- What is being asked
Return the following from the records below: each line, word for word, starting with the line that contains "9月 25日 | ||" and going on through the line that contains "術前評估口腔狀況 右下第一大臼齒斷裂 治療計畫", with nothing outside that range.

- Data excerpts
☆ ☆ ☆ ☆ ☆ ☆ ☆

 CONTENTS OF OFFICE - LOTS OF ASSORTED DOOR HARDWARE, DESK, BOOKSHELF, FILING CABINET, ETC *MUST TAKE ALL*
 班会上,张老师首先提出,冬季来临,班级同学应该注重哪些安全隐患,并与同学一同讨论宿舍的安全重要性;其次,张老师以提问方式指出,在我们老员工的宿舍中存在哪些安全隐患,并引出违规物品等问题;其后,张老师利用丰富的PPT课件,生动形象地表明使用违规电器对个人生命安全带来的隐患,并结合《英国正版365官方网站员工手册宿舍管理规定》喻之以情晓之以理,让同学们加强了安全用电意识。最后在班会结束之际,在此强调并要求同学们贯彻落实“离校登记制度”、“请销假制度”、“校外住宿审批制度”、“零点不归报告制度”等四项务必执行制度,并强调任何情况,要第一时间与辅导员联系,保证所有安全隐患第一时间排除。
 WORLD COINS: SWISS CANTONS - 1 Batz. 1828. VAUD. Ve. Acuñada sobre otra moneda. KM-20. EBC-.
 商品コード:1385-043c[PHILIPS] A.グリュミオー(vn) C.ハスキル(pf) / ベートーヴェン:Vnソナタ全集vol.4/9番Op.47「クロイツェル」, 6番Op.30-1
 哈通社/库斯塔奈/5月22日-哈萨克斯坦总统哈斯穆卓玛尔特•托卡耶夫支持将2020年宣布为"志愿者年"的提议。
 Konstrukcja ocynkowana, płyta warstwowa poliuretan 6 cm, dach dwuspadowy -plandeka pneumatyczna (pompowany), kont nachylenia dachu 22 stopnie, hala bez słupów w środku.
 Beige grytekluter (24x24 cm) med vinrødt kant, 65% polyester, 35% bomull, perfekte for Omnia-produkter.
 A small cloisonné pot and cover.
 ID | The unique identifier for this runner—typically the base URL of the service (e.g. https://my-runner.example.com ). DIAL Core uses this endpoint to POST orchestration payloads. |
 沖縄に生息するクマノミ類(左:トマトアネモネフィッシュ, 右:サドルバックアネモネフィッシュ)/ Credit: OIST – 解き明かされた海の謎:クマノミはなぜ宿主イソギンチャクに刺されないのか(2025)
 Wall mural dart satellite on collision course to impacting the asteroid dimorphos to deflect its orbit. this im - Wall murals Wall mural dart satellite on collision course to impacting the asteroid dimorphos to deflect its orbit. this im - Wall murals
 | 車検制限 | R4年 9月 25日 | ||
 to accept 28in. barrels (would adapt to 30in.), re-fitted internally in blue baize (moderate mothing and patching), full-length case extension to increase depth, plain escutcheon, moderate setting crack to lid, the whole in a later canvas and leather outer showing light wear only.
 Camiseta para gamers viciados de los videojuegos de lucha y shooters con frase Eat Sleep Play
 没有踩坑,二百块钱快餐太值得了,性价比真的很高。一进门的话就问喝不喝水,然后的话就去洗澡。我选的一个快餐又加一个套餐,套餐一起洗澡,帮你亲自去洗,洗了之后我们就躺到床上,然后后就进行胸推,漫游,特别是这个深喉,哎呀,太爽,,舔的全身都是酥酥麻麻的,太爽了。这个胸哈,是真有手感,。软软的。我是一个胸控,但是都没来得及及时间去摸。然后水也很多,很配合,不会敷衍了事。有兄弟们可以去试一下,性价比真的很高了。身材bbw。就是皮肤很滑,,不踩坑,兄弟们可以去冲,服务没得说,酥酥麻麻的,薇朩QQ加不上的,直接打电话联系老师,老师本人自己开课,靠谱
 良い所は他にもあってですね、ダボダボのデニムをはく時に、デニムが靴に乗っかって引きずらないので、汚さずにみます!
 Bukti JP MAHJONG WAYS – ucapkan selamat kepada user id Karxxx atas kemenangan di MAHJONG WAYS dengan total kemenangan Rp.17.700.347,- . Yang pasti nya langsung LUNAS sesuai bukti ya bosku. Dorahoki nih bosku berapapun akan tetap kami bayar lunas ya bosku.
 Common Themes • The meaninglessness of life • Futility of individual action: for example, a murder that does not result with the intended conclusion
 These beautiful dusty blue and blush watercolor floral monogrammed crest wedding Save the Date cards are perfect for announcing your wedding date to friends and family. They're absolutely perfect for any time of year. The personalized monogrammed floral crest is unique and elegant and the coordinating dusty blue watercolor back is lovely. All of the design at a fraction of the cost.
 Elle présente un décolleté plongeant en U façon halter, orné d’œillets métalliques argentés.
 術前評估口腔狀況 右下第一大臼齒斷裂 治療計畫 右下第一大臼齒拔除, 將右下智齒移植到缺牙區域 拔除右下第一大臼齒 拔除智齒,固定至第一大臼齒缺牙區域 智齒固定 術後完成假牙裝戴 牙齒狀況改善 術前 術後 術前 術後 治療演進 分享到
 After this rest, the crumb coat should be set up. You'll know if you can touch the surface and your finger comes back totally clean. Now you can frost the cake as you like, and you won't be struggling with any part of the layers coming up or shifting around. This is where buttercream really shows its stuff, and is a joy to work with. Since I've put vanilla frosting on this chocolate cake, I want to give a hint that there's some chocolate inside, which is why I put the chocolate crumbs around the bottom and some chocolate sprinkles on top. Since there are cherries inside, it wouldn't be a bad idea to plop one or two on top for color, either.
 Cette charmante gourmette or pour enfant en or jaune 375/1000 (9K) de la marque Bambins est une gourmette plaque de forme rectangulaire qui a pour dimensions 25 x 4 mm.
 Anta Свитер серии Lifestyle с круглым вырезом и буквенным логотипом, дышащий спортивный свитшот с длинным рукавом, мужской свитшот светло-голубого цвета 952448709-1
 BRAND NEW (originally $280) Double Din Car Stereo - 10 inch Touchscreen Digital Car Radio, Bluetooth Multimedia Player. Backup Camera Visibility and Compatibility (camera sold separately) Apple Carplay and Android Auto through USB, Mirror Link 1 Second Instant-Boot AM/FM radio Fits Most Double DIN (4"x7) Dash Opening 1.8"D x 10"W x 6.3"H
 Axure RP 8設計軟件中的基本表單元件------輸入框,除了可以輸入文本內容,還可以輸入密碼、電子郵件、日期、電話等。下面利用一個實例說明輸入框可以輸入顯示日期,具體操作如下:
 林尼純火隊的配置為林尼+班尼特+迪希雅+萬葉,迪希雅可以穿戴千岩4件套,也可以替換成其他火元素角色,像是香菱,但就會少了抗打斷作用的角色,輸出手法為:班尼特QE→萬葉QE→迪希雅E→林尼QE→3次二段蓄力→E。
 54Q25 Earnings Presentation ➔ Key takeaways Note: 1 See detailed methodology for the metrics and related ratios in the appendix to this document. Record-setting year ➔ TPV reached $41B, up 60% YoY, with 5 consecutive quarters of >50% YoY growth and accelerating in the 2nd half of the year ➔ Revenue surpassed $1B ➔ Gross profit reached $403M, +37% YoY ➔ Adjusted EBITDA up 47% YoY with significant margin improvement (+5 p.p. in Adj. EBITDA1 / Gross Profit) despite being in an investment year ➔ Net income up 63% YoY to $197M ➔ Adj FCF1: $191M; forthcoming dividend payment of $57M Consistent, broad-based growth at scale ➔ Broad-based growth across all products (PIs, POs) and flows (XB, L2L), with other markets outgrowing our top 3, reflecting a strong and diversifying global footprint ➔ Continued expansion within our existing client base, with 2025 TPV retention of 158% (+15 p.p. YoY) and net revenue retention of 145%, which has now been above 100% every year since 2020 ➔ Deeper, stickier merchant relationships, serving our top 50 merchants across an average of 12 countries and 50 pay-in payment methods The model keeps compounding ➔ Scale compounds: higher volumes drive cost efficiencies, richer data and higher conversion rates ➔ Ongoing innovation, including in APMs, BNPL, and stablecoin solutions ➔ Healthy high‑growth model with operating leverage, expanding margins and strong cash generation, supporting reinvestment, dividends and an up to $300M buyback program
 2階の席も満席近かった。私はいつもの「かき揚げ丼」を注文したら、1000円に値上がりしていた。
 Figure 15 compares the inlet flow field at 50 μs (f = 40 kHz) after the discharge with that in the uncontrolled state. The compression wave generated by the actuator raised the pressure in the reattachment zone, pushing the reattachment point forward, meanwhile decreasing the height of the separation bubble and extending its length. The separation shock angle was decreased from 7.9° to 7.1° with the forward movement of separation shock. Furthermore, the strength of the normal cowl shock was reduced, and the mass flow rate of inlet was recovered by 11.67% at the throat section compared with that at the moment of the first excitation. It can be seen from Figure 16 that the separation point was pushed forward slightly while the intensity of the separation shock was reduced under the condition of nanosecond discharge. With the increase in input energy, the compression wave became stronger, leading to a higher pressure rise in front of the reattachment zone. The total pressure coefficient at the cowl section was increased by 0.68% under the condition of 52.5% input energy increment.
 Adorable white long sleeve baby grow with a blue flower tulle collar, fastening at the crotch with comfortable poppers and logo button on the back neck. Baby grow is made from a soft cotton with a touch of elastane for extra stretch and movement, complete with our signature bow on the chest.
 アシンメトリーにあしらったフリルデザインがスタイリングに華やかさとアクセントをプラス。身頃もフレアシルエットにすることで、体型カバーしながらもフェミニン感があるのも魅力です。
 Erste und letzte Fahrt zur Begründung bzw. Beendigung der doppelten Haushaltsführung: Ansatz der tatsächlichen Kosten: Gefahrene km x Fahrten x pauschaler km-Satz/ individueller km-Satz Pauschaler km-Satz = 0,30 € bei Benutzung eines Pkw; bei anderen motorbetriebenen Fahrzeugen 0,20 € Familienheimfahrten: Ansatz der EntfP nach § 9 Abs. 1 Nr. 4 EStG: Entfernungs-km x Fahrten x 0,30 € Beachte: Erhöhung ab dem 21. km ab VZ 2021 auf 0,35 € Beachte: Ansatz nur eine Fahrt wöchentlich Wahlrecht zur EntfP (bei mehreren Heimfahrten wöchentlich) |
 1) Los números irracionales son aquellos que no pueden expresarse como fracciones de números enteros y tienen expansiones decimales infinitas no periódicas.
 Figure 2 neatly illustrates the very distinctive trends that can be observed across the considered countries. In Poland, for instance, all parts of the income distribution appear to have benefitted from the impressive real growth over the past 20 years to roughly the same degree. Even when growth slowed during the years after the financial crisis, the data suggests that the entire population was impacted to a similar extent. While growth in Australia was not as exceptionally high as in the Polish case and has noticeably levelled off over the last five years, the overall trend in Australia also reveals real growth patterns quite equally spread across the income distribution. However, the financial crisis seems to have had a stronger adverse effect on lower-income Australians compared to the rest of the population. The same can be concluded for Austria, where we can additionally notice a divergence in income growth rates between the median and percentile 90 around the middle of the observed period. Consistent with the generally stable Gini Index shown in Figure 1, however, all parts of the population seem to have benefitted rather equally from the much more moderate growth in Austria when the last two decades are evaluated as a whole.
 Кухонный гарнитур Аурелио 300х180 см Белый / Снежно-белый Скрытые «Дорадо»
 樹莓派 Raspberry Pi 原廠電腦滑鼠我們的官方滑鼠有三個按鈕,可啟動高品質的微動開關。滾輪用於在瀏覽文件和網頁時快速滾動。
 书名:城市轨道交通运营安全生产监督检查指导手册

☆ ☆ ☆ ☆ ☆ ☆ ☆

- Exercise answer
 | 車検制限 | R4年 9月 25日 | ||
 to accept 28in. barrels (would adapt to 30in.), re-fitted internally in blue baize (moderate mothing and patching), full-length case extension to increase depth, plain escutcheon, moderate setting crack to lid, the whole in a later canvas and leather outer showing light wear only.
 Camiseta para gamers viciados de los videojuegos de lucha y shooters con frase Eat Sleep Play
 没有踩坑,二百块钱快餐太值得了,性价比真的很高。一进门的话就问喝不喝水,然后的话就去洗澡。我选的一个快餐又加一个套餐,套餐一起洗澡,帮你亲自去洗,洗了之后我们就躺到床上,然后后就进行胸推,漫游,特别是这个深喉,哎呀,太爽,,舔的全身都是酥酥麻麻的,太爽了。这个胸哈,是真有手感,。软软的。我是一个胸控,但是都没来得及及时间去摸。然后水也很多,很配合,不会敷衍了事。有兄弟们可以去试一下,性价比真的很高了。身材bbw。就是皮肤很滑,,不踩坑,兄弟们可以去冲,服务没得说,酥酥麻麻的,薇朩QQ加不上的,直接打电话联系老师,老师本人自己开课,靠谱
 良い所は他にもあってですね、ダボダボのデニムをはく時に、デニムが靴に乗っかって引きずらないので、汚さずにみます!
 Bukti JP MAHJONG WAYS – ucapkan selamat kepada user id Karxxx atas kemenangan di MAHJONG WAYS dengan total kemenangan Rp.17.700.347,- . Yang pasti nya langsung LUNAS sesuai bukti ya bosku. Dorahoki nih bosku berapapun akan tetap kami bayar lunas ya bosku.
 Common Themes • The meaninglessness of life • Futility of individual action: for example, a murder that does not result with the intended conclusion
 These beautiful dusty blue and blush watercolor floral monogrammed crest wedding Save the Date cards are perfect for announcing your wedding date to friends and family. They're absolutely perfect for any time of year. The personalized monogrammed floral crest is unique and elegant and the coordinating dusty blue watercolor back is lovely. All of the design at a fraction of the cost.
 Elle présente un décolleté plongeant en U façon halter, orné d’œillets métalliques argentés.
 術前評估口腔狀況 右下第一大臼齒斷裂 治療計畫 右下第一大臼齒拔除, 將右下智齒移植到缺牙區域 拔除右下第一大臼齒 拔除智齒,固定至第一大臼齒缺牙區域 智齒固定 術後完成假牙裝戴 牙齒狀況改善 術前 術後 術前 術後 治療演進 分享到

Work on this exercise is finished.